Here we have two main networks that are jointly trained:

  • Generator: this is a neural network that takes a random vector as input and generates a fake image. The goal of the generator is to produce images that are indistinguishable from real images.
  • Discriminator: this is a neural network that takes an image as input and predicts whether it is real or fake. The goal of the discriminator is to correctly classify images as real or fake.
  • Adversarial Loss: the generator and discriminator are trained in an adversarial manner. The generator tries to fool the discriminator, while the discriminator tries to correctly classify images. This creates a game-like scenario where both networks improve over time.
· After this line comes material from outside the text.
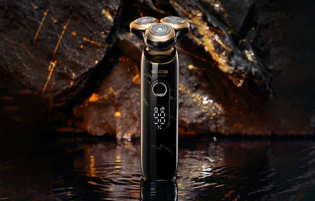 Lahek, priročen, eleganten Brivnik Soocas S32 je videti zelo dobro. Črna barva, zlati detajli in marmornata oblika dajejo izjemno eleganten videz. Poleg tega je izjemno lahek in kompakten – preprosto ga lahko pospravite v kovček, torbo ali nahrbtnik in ga vzamete s seboj na počitnice ali poslovna potovanja. Poleg tega funkcija potovalne ključavnice preprečuje, da bi brivnik med prevozom po nesreči sprožili.
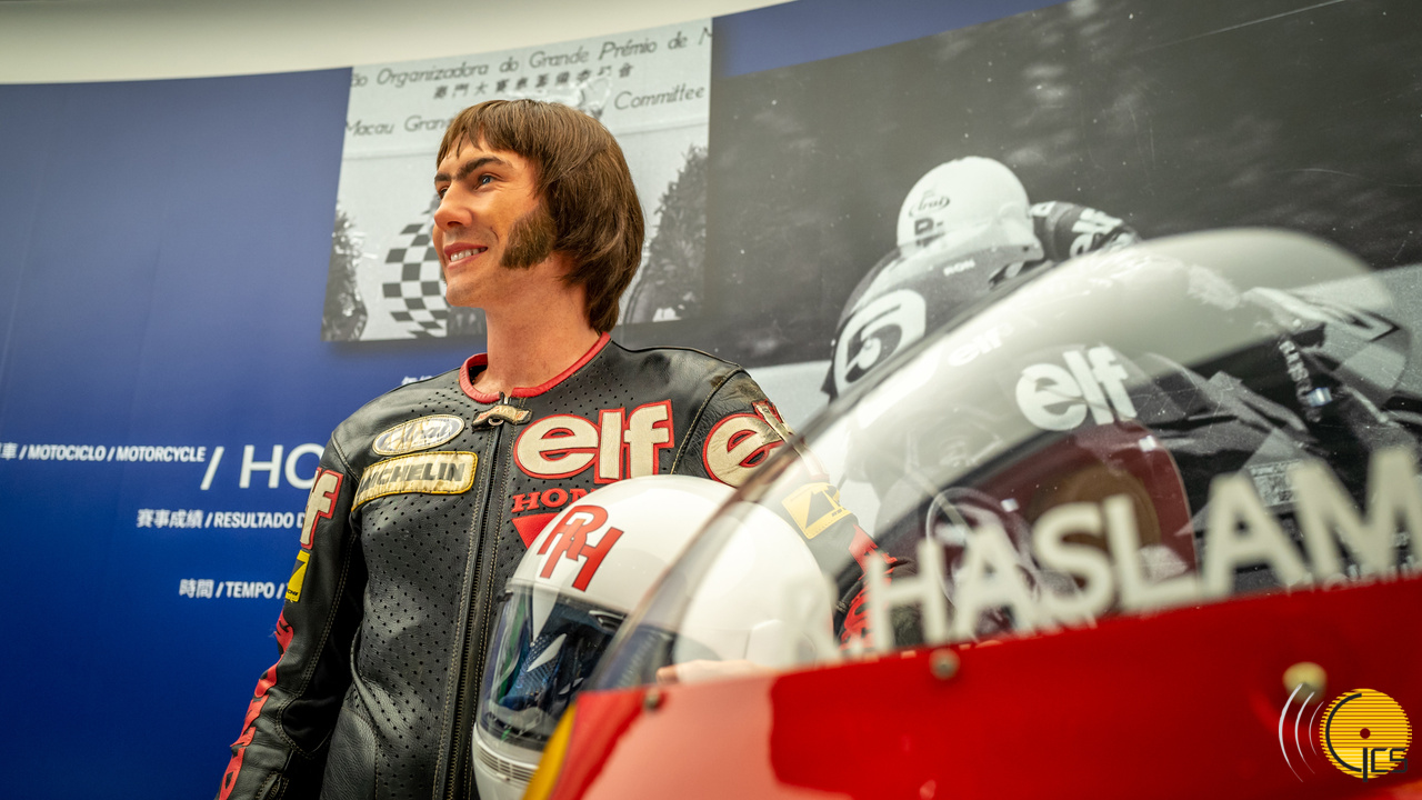 • Estátua de cera de Ron Haslam no Museu do Grande Prémio de Macau. Ron Haslam, conhecido como o “foguete”, alcançou uma brilhante conquista de seis troféus em seis participações.

This has some sort of similarity of natural evolution when you have a predator and a prey and they coevolve to surpass each other’s strategy.

We can define this more formally:

Generator: $G: \mathbb{R}^{L} \to \mathbb{R}^{Q}$ where $Q \gg L$, and the discriminator is a function $D: \mathbb{R}^{Q} \to [0, 1]$.
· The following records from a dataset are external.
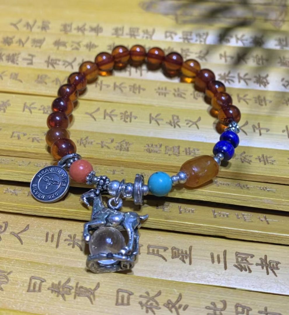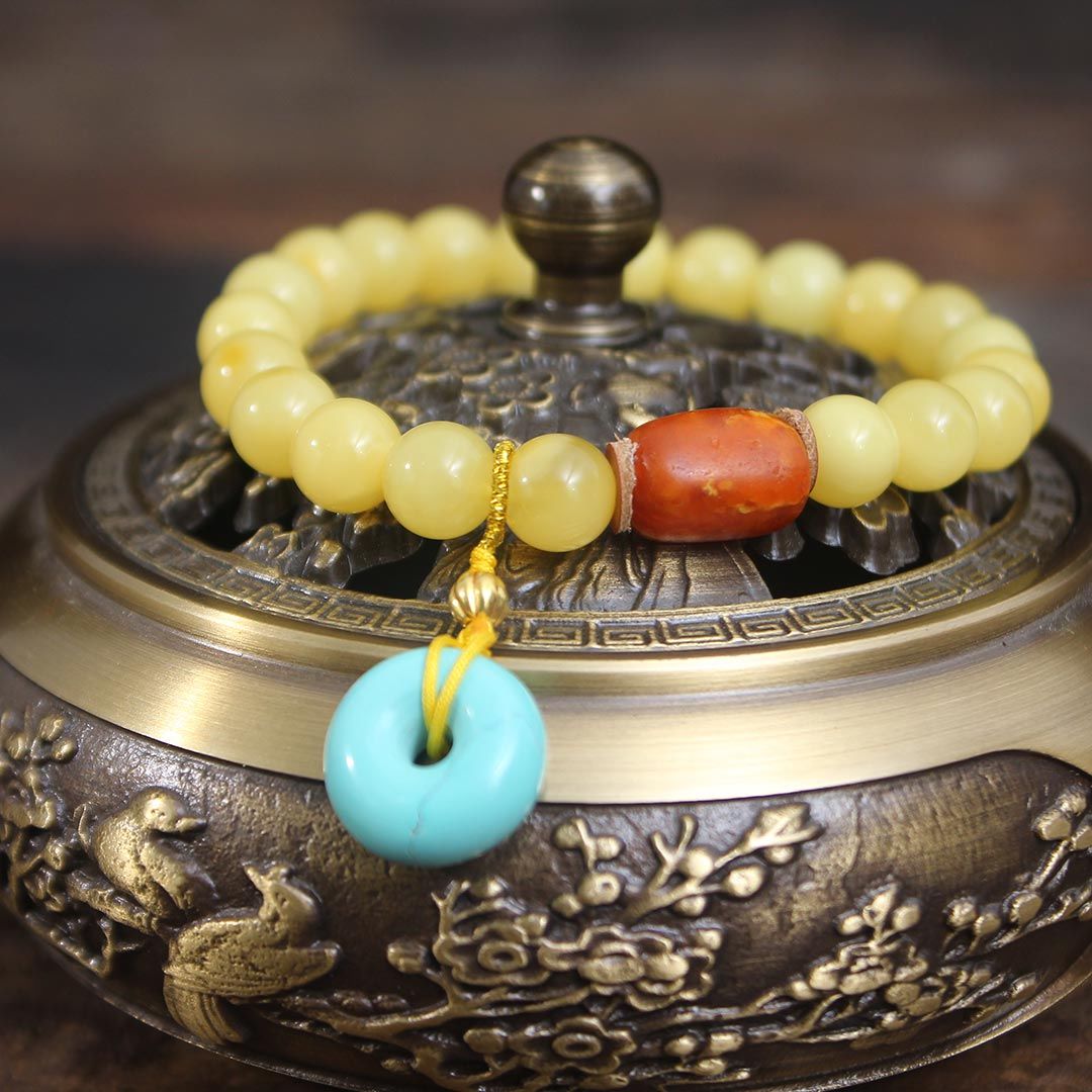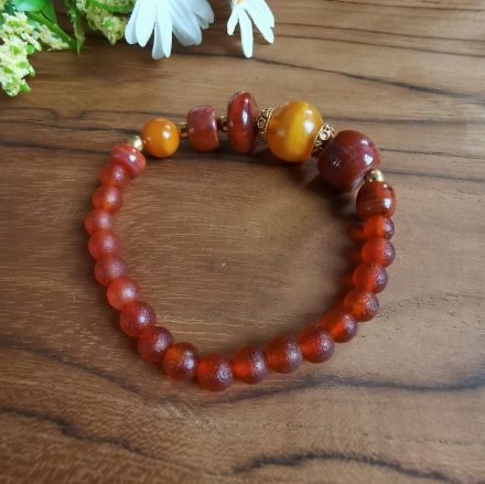蜜蜡玛瑙戴珠0.6*0.9cm【藏品】
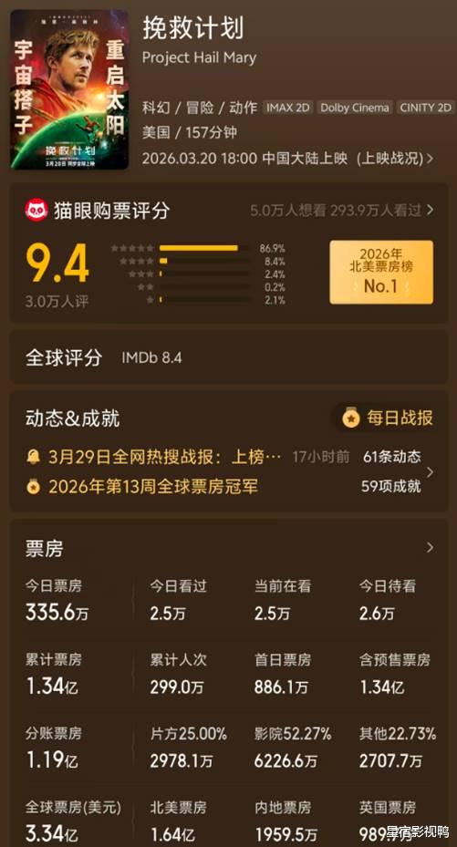 这部《挽救计划》在全球口碑井喷。
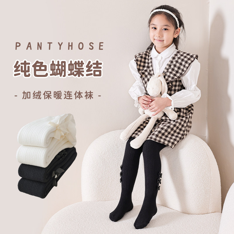 Детские хлопковые утепленные колготки, белые базовые леггинсы

Training a Generative Adversarial Network.

Training Process 🟩

$$ \min_{G} \max_{D} V(G,D) = \mathbb{E}_{x \sim p_{data}(x)}[\log D(x)] + \mathbb{E}_{z \sim p_{z}(z)}[\log(1 - D(G(z)))] $$

This is the original loss function, but it has some problems (like vanishing gradients). The generator tries to minimize this function, while the discriminator tries to maximize it.
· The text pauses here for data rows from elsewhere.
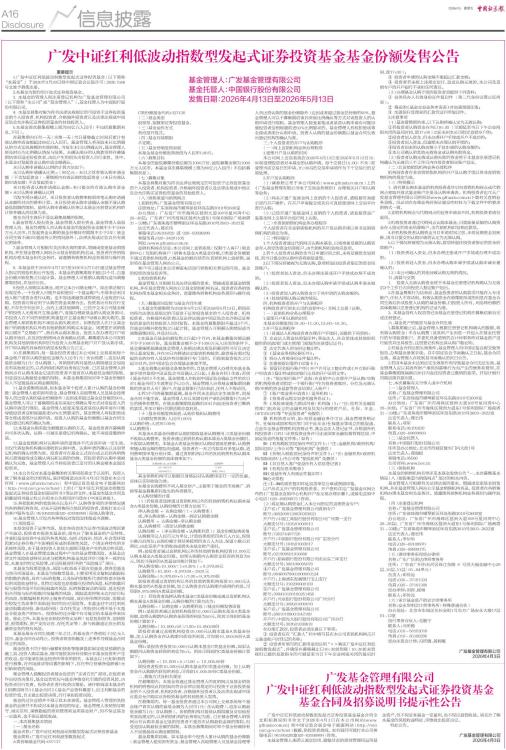 广发中证红利低波动指数型发起式证券投资基金基金份额发售公告
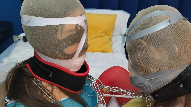 两人身上穿着五颜六色的丝袜,用胶带将她们的手缠绕,嘴里塞进丝袜,再套上丝袜头套,外面用胶带缠绕封堵,防止她们将丝袜吐出来。让她们的双腿彼此交叉,这样能使她们靠的跟进。用绳子将她们捆绑好,两人身体也被绳子绑在一起。然后给她们脖子上戴上项圈,并用铁链链接项圈,缠绕她们的身体。这样就使她们面对面的绑在一起。胸部放进去TD,刺激着Ru头,用快乐棒调到最大马力,持续不断的刺激着她们的敏感地方。很快她们身体开始抽搐起来,达到GC。
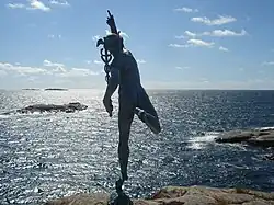 Die berühmteste nicht-geologische Sehenswürdigkeit auf Källskär, die auch in den Postkartenangeboten auf Kökar dominiert, ist eine Nachbildung der Statue des Merkur von Giovanni Bologna. Dabei steht der Götterbote auf dem Antlitz des Windgottes Zephyr.
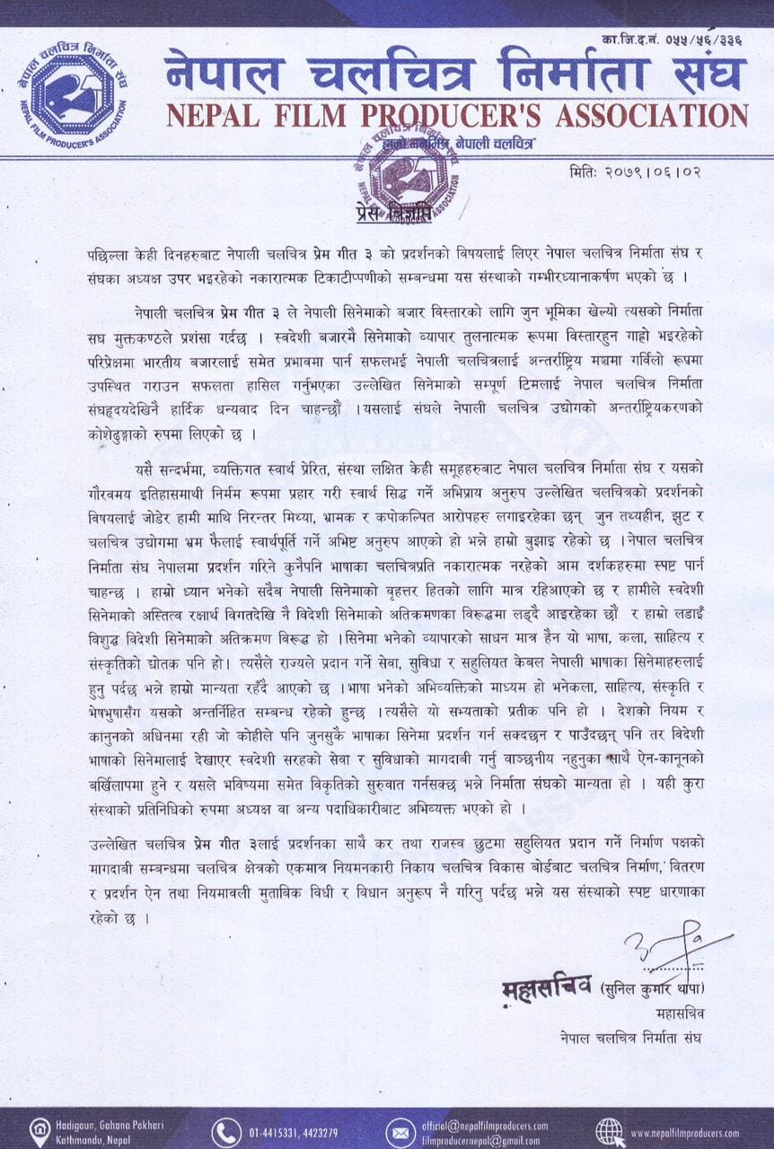 आइतबार विज्ञप्ती जारी गर्दै संघले हिन्दी भाषामा फिल्म देखाएर स्वदेशी सरह सेवा सुविधा मागदावी गर्नु उचित नभएको बताएको छ।
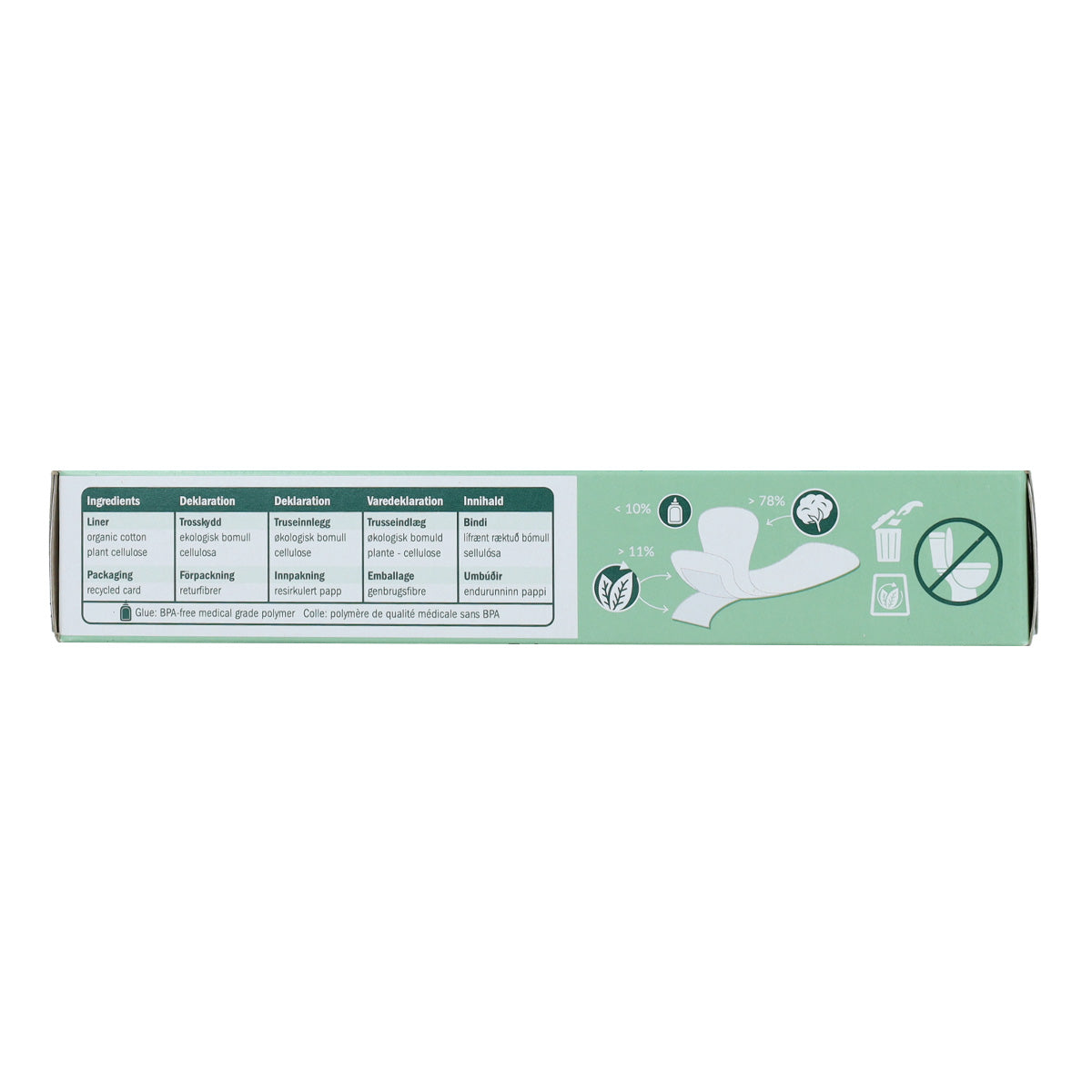 Protège-slip ultra-fin en coton 100% écologique avec une doublure extra-fine.

Theory shows that the stable point $p_{\text{model}} = p_{\text{data}}$ but only with $G$ and $D$ have infinity capacity (they can match any data distribution, which is a quite strong assumption). In practice optimizing both jointly is quite expensive computationally. Usually you do $k$ iterations for D and $1$ for $G$ because we want to have informative output for $G$. It looks to me that this idea is quite similar to the Actor Critic model see RL Function Approximation.

Problems with Likelihood

Given a generative model, we ask here, is likelihood of a certain sample a good indicator of it?

  • Sometimes we have poor samples yet good likelihood, this is usually the case when you have a strong spike of likelihood values, irrelevant of the noise (e.g. $\log(0.01p(x)) = \log p(x) - \log 100$, if $p(x)$ is proportional to $d$, for independent dimensions, the first value could be very high, nonetheless having poor sample quality, this is an example from eq 11 of https://arxiv.org/pdf/1511.01844)
  • Sometimes we have low likelihood yet good samples: a simple example is test data evaluation after over-fitting, models would give low likelihood to good samples, since they have not been seen during training. This means that likelihood alone is not a good metric to compare the models.

GAN Training Algorithm 🟩

While not converged do:

  1. $$\nabla_{\Theta_D} \frac{1}{N} \sum_{i=1}^{N} [\log(D(x^{(i)})) + \log(1 - D(G(z^{(i)})))]$$

    * $\Theta_D$ represents the parameters of the discriminator. * $D(x)$ is the discriminator’s output for a real sample $x$ (probability that $x$ is real). * $G(z)$ is the generator’s output for a noise sample $z$ (a generated fake sample). * The goal is to maximize this objective, making the discriminator better at distinguishing real from fake samples.

  2. Freeze Discriminator (D). Draw $N$ noise samples $\{z^{(1)}, ..., z^{(N)}\}$ from $p(z)$.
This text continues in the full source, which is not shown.